The scheme, known as WorkPro, has been taken up by 340 companies so far, said the Workforce Development Agency (WDA).
WorkPro, which was launched by the WDA and the Ministry of Manpower in April 2013, aims to develop a core Singaporean workforce that is competitive and employable.
It funds efforts by firms to redesign jobs, or make them flexible for mature workers and women who are returning to the workforce.
Some 3,000 jobs targeting these groups of Singaporeans were on offer at a jobs fair on Sunday.
Kim Soh, a mother-of-two, had started looking for an office job with flexible hours three months ago.
She said: "So far, the response is not so good -- only a few of them (responded, and they're) mostly insurance (companies). I'm not keen on insurance."
With Singaporeans like her in mind, the WorkPro scheme offers a range of grants for businesses, including one that makes their hiring and operations more family-friendly.
There is also a training allowance for companies that give new employees on-the-job training.

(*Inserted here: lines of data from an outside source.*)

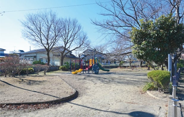 遊具やトイレなどの設備がある緑豊かな公園です。
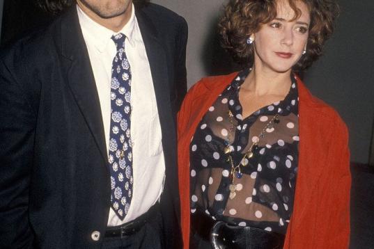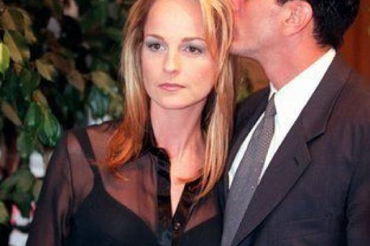 Esa época en la que Helen Hunt (y no solo ella) era una gran fan de las blusas transparentes. Por su cara parece que no tanto de los besos en la cabeza de su entonces marido, Hank Azaria. (1996)
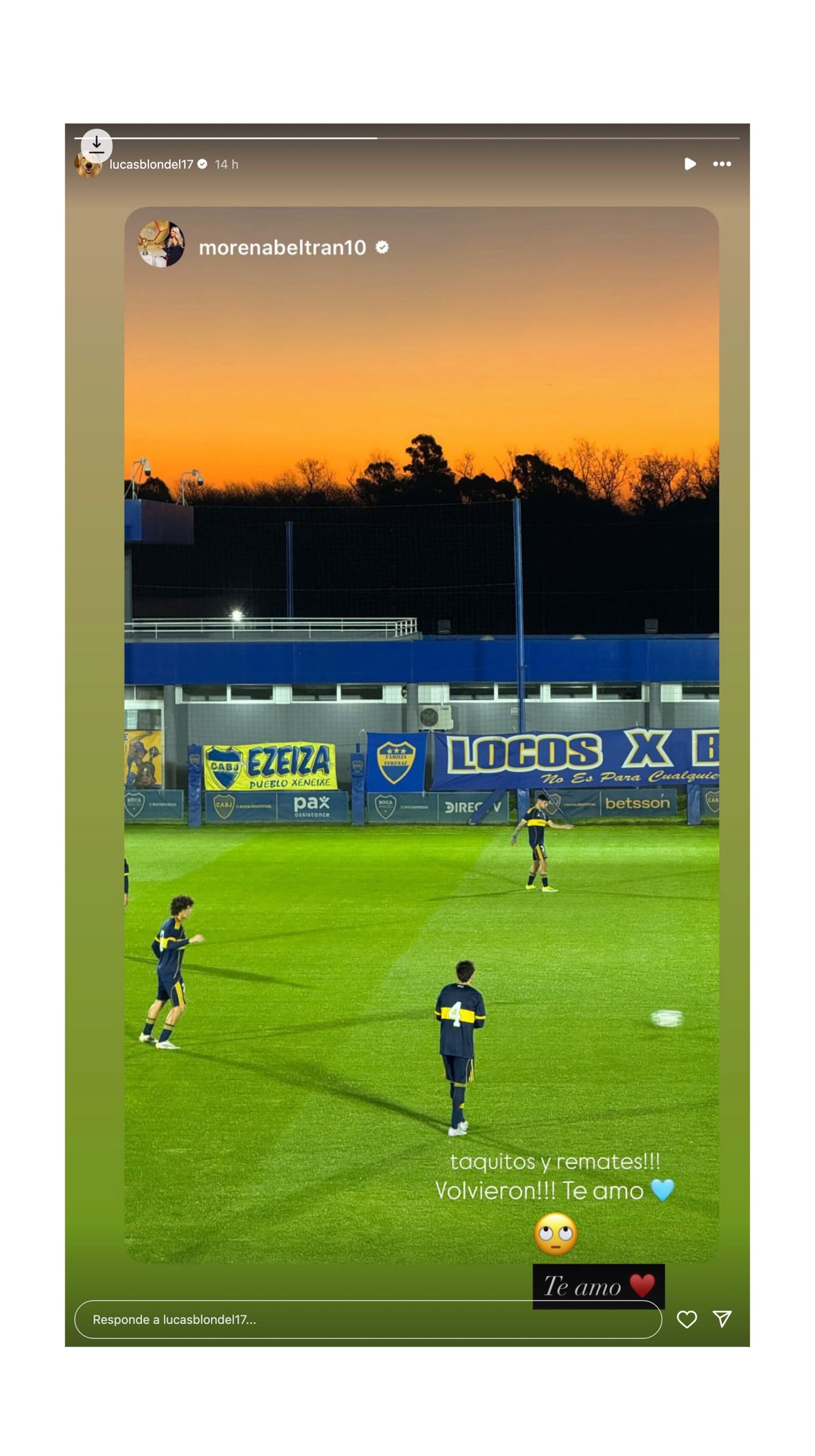Ante la falta de rodaje en la Primera de Boca Juniors, Lucas Blondel generó una sorpresa en el entorno del club al pedir permiso para sumar minutos con la reserva. El cuerpo técnico liderado por Miguel Ángel Russo le dio el visto bueno y le permitió disputar los 90 minutos en la victoria por 2 a 0 ante Newell’s en el predio de Ezeiza. Morena Beltrán, periodista deportiva y pareja del lateral de 29 años, acompañó al futbolista en su búsqueda por recuperar ritmo de competencia tras varios meses sin actividad en el primer equipo. El reflejo del apoyo quedó expuesto en redes sociales con un tierno ida y vuelta.
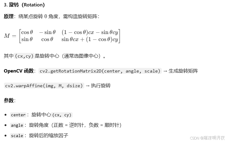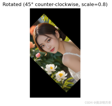 def Rotation(img): # 旋转中心:图像中心 center = (img.shape[1] // 2, img.shape[0] // 2) # 生成旋转矩阵:逆时针45度,缩放0.8倍 M = cv2.getRotationMatrix2D(center, 45, 0.8) # 执行旋转 img_rot = cv2.warpAffine(img, M, (img.shape[1], img.shape[0])) show_img(img,"Original") show_img(img_rot,"Rotated (45° counter-clockwise, scale=0.8)")
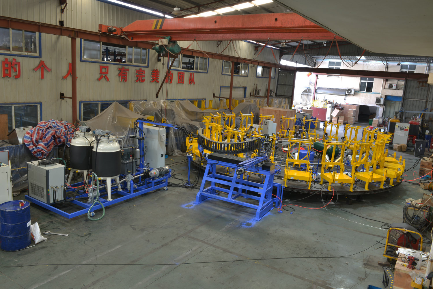配合圓盤、環(huán)形生產(chǎn)線或工作站實(shí)現(xiàn)自動(dòng)開合模,適用于所有模塑類型的聚氨酯產(chǎn)品生產(chǎn),高效低勞工,結(jié)構(gòu)合理、PLC控制實(shí)現(xiàn)穩(wěn)定運(yùn)行、維護(hù)簡便。
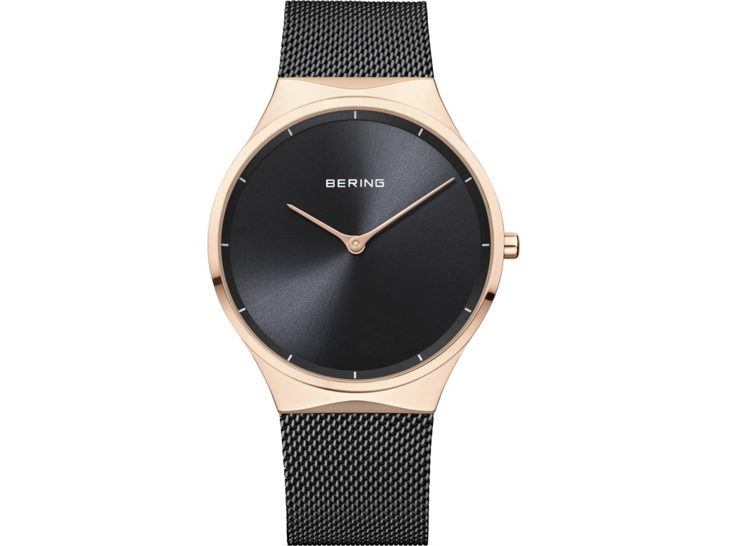 HODINKY BERING UNISEX 12138-162 (38 MM). Typ mechanizmu: QUARTZ. Displej: HODINKY: ANALÓGOVÉ. Materiál puzdra: MATERIÁL: NEHRDZAVEJÚCA OCEĽ. Farba puzdra: FARBA PUZDRA: RUŽOVÉ ZLATO. Materiál náramku: MATERIÁL NÁRAMKU: OCEĽ. Farba náramku: FARBA NÁRAMKU: ČIERNA. Farba ciferníka: ČIERNA. Typ skla: TYP SKLA: SAPPHIRE. Clousure: TLAKOVÁ NÁDOBA: PRESSURE. Priemer ciferníka: dĹŽKA CIFERNÍKA: 38 MM. Ponorný: NE
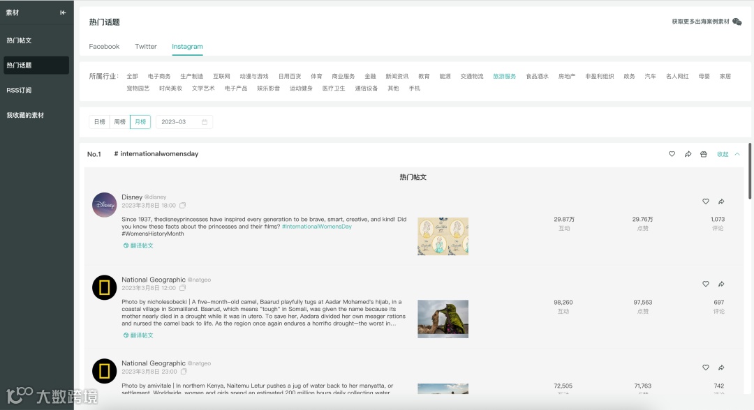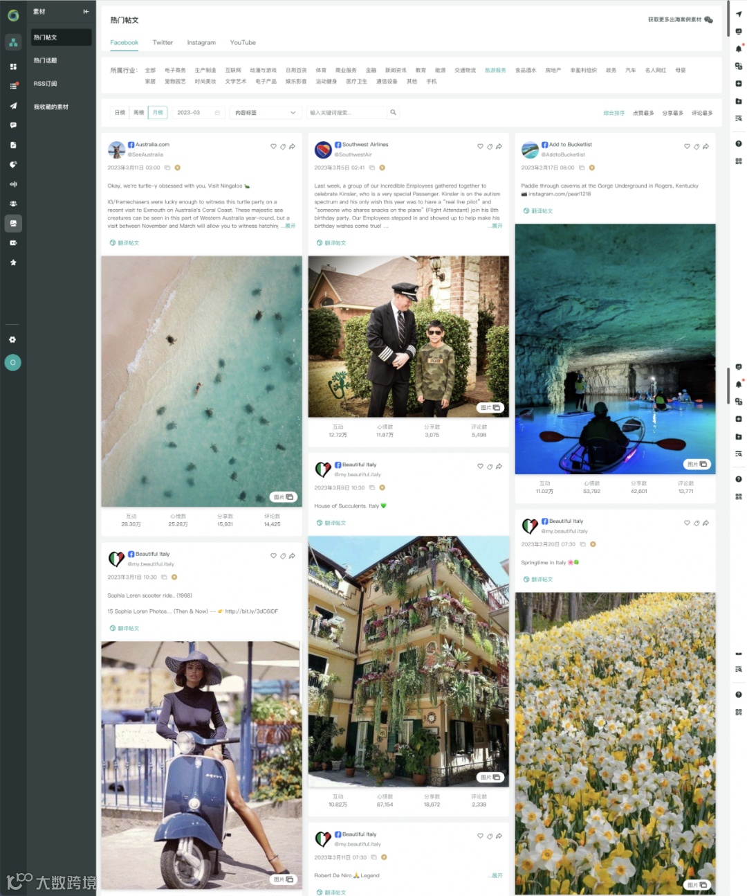 前往OneSight营销云“素材”模块的“热门帖文”页面,可以按不同的时间、排序查看Facebook、Twitter、Instagram及YouTube上旅游服务行业的热门帖文:
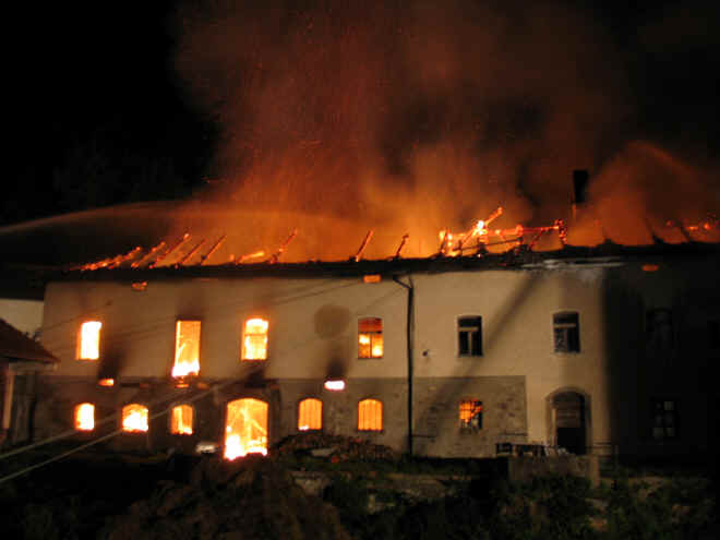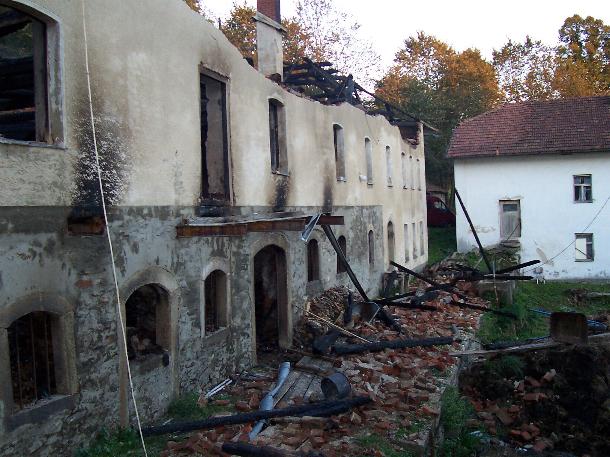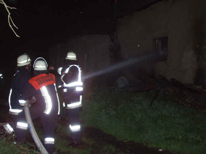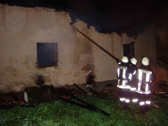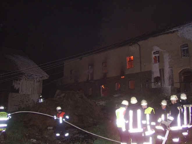 Nachdem die Dachüberstände entfernt und lose Mauerteile eingestoßen waren, konnte über die Fenster die letzten Brandstellen im Gebäude abgelöscht werden. Der Einsatz der ebenfalls eingetroffenen Drehleiter der FF Bad Kötzting war wegen der äußerst schlechten Zufahrt nicht möglich.
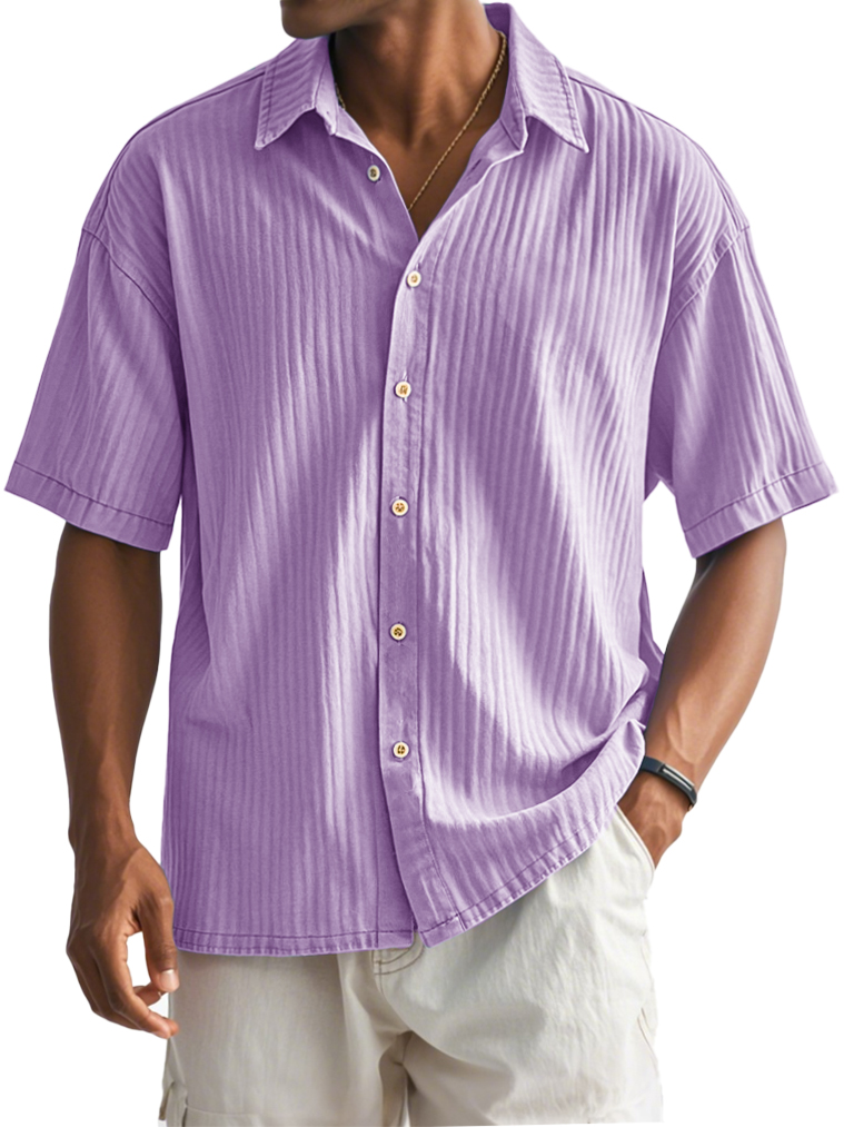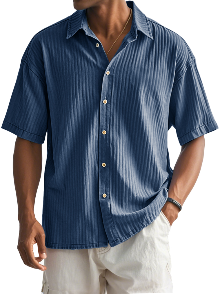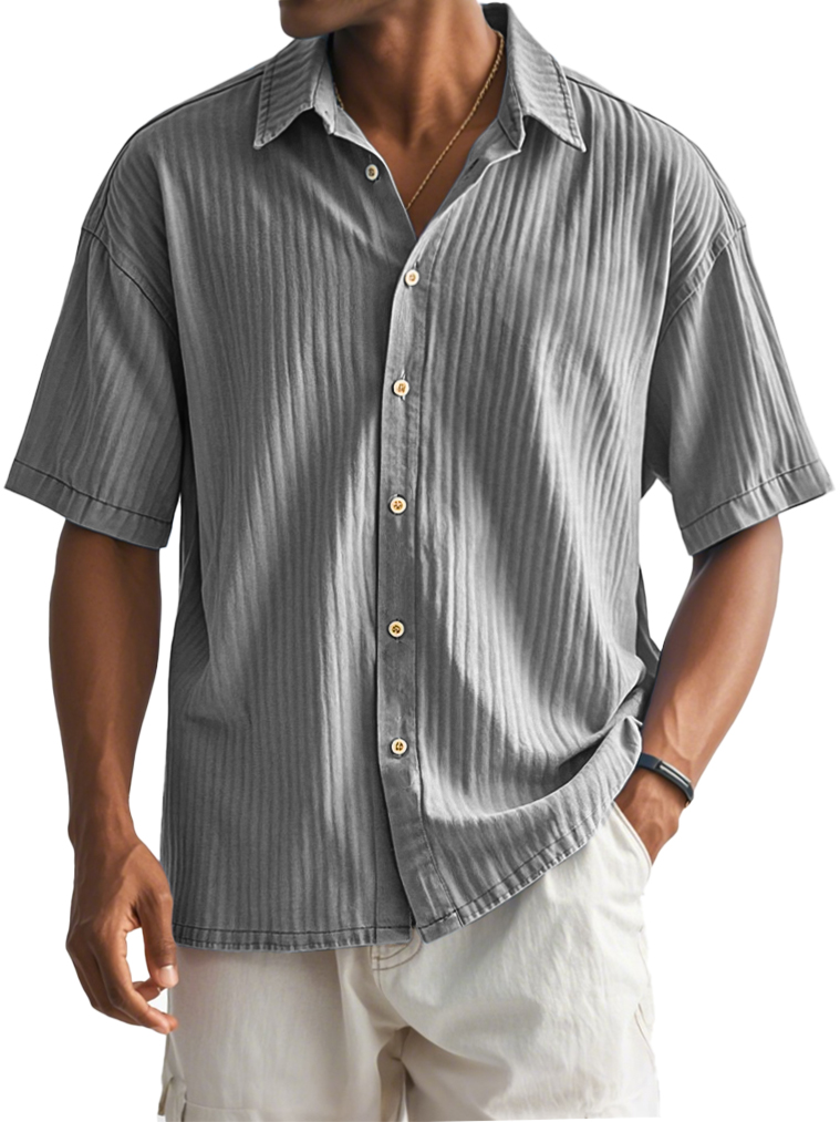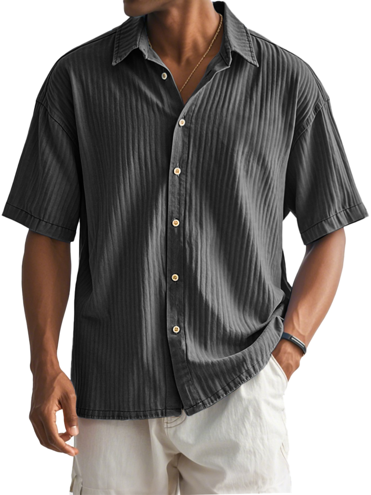 Men's Fashion Casual Ribbed Fabric Short-sleeved Lapel Shirt
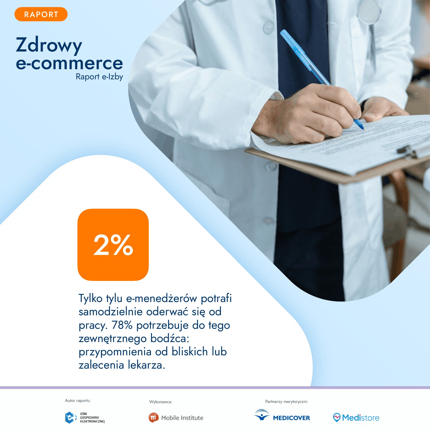 Raport wskazuje, że liderzy e-commerce funkcjonują w trybie permanentnego przeciążenia. Wysokie tempo wzrostu branży, presja wyników oraz silna identyfikacja z pracą sprawiają, że granice między życiem zawodowym a prywatnym ulegają zatarciu. Tylko 2 proc. menedżerów deklaruje, że potrafi samodzielnie oderwać się od pracy, a ponad jedna trzecia ma dla siebie mniej niż godzinę dziennie.
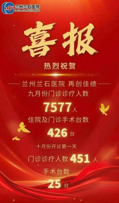 “喜报”内容显示,热烈祝贺兰石医院“再创佳绩”,9月份门诊人数7577人、住院及门诊手术台数426台,10月份开诊第一天门诊人数451人、手术25台。

Job seeker Kim Soh said: "If there's a chance, I don't mind (the training) -- it's good to update yourself."
Over 300 job seekers were drawn to Sunday's WorkPro job fair at Hong Kah North Community Centre.
Thirteen companies had set up booths, offering some 2,600 jobs, ranging from manufacturing, security, to F&B.
The F&B and retail services industry is going through a manpower crunch, so it's no surprise that many of the jobs on offer are from that sector. But some of the job seekers said the salaries may not be attractive enough for them to want to join the industry.
With government help, some HR firms said changes are taking place.
Parmjit Kaur, vice-president of HR at Harry's Holdings, said: "I suppose it is not really a desired industry for Singaporeans. However, this has to change.
"So we are increasing the salaries, we are increasing the benefits, we're making it into a very attractive industry. So with all the different initiatives coming in, I think we'll be able to achieve that."
More recently, the Manpower Ministry announced a set of new employment rules to ensure that Singaporeans get fair consideration before foreigners are hired.
Speaking to reporters at the job fair, Senior Minister of State for Manpower Amy Khor said the new rules target employers whose hiring practices are "less than progressive".
Dr Khor said: "There are also perceptions that some employers are hiring their own kind. So I think we need to send a strong signal and send a reminder to employers that they need to hire fairly, give fair consideration to Singaporeans -- that's why we're putting that in place."
Together with incentives like WorkPro, these changes are part of a larger effort to develop a core Singaporean workforce.